Multipotent Neural Stem Cells Derived From Human Embryonic Stem Cells

Stanford scientists have successfully developed the first method for isolating normal, homogeneous, expandable and multipotent neural stem-progenitor cells (NSPCs) from human embryonic stem cells (hESCs), using a defined in vitro method of selection and perpetuation based on their intrinsic properties. The isolated NSPCs demonstrate an unlimited self-renewable capacity with normal characteristics, stable growth rate, differentiation profile and consistent generation of the three principal CNS cell types (neurons, astrocytes and oligodendrocytes), thereby eliminating the need for a lineage-specific treatment. The NSPCs are perpetuated using a single cell dissociation protocol that is critical for the accurate measurement of cell viability, growth rate and potency assays.
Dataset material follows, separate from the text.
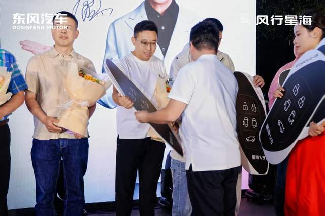 在热烈的掌声中,活动迎来了最激动人心的时刻——交车仪式。来自济南、滨州、聊城、菏泽、济宁、淄博、潍坊七大城市的14组首批星海V9越享版车主代表,共同登上舞台。东风风行的领导代表为车主们郑重递上鲜花与象征新征程的车钥匙,现场氛围热烈而温馨。值得一提的是,为表达对首批车主的真挚心意,品牌特别准备了豪华全套露营装备交车礼——包括帐篷、天幕、户外餐桌椅等齐全配置。这不仅是一份礼品,更是一种全新的生活方式提案。

Consequently, this process qualifies for large-scale production under the current good manufacturing practices and for a reliable quality assurance program for potential use of these cells in a clinical setting.

An experiment with a stroke rat model has demonstrated the potential for these NSPCs as a cellular therapy. The grafted NSPCs readily integrate and differentiate within the damaged area in a rat brain, without overgrowth or tumor formation. Thus, these NSPCs appear well suited for therapy of a range of neurological disorders.